Loss of DACT2 expression and increased β-catenin expression are related to promoter regional hypermethylation in human primary lung cancer

DACT2 expression was evaluated by IHC in 44 cases of primary lung cancer and their matched non-neoplastic adjacent tissues. DACT2 staining was observed predominantly in the cytoplasm as expected. Positive DACT2 staining was found in nine cases of lung cancer tissue and in 34 tissues adjacent to lung tumours (Figure 2C1). Negative DACT2 staining was found in 35 cases of lung cancer tissue and in ten tissues adjacent to lung tumours (Figure 2C2).
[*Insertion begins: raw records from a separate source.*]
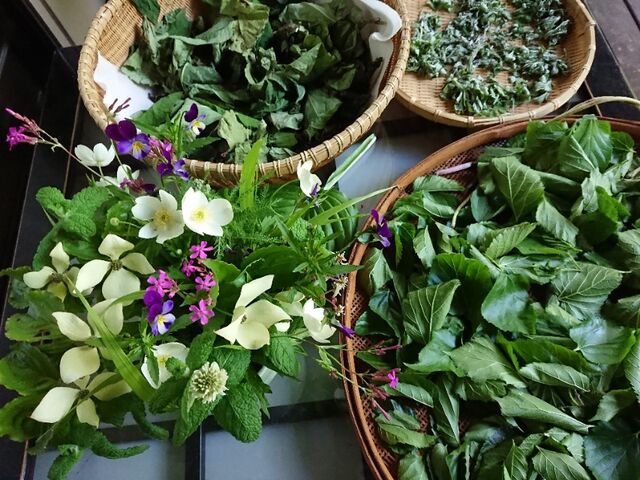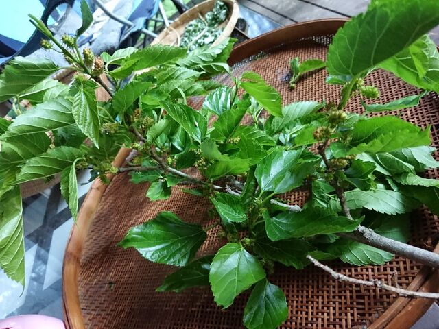 昨日は、柳又へ桑の葉っぱを乾燥させる為ですが。。柔らかい葉っぱに丸まった。虫が。。あちこちに。枝を5本程伐って持ち帰り。山荘のベランダでちぎって天火乾燥。
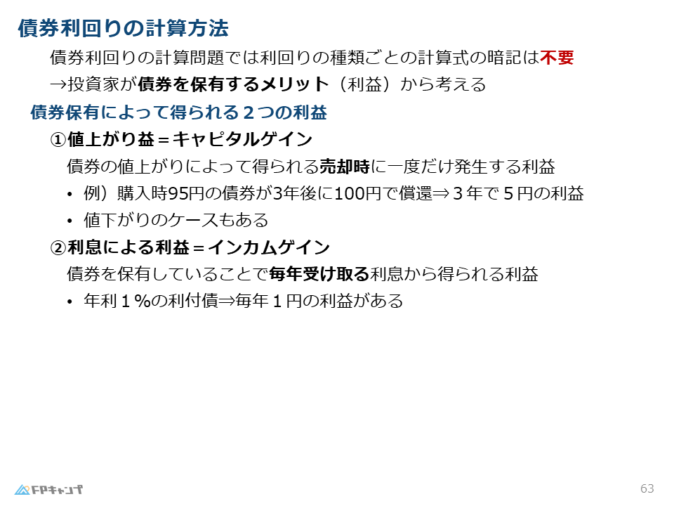 - 公式暗記は不要→「値上がり益」と「利息」の2つを理解する
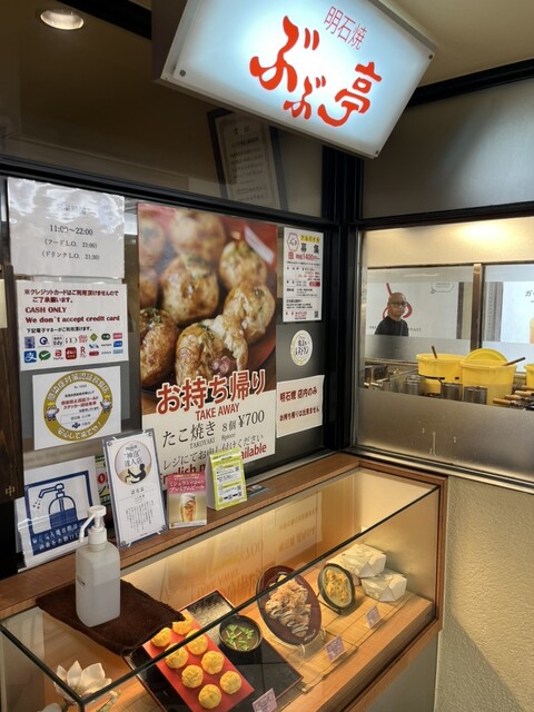 夕方ごろに軽食目的で伺いました。明石焼き、たこ焼き、たこ焼きグラタンの3種類を注文しました。どれもお出汁が効いている美味しいたこ焼きでした。明石焼きは1番人気であっさりのお出汁が絶品です。日曜日だったので数人が待っている状況です。
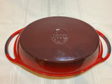 Cast iron cookware including a Dutch oven an enamel-coated oval dish with a red rim and red handles. Both by Lodge

Among the cancer samples examined for expression, 21 cases were methylated and 23 cases were unmethylated. But in the non-neoplastic adjacent tissues, only nine cases were methylated and 35 cases were unmethylated. DACT2 staining was inversely associated with promoter region methylation (p = 0:0001). This indicates that DACT2 expression may be regulated by promoter region hypermethylation in primary lung cancer. To determine whether the silencing of DACT2 was associated with Wnt pathway activation, β-catenin expression was also evaluated by IHC in the primary lung cancers and adjacent non-neoplastic tissues. Negative β-catenin staining of the nucleus, cytoplasm or membrane was observed in five cases of cancer tissue and 38 cases of adjacent tissue (Figure 2C3). In the primary lung cancers, positive nuclear β-catenin staining was found in six cases, while positive cytoplasmic or membranous staining was found in 38 cases (Figure 2C4). In adjacent tissues, there was only one case of positive nuclear β-catenin staining, and only six cases of positive cytoplasmic or membranous staining were observed. These results indicate that expression of DACT2 and β-catenin are inversely associated in lung cancer (p = 0:0001).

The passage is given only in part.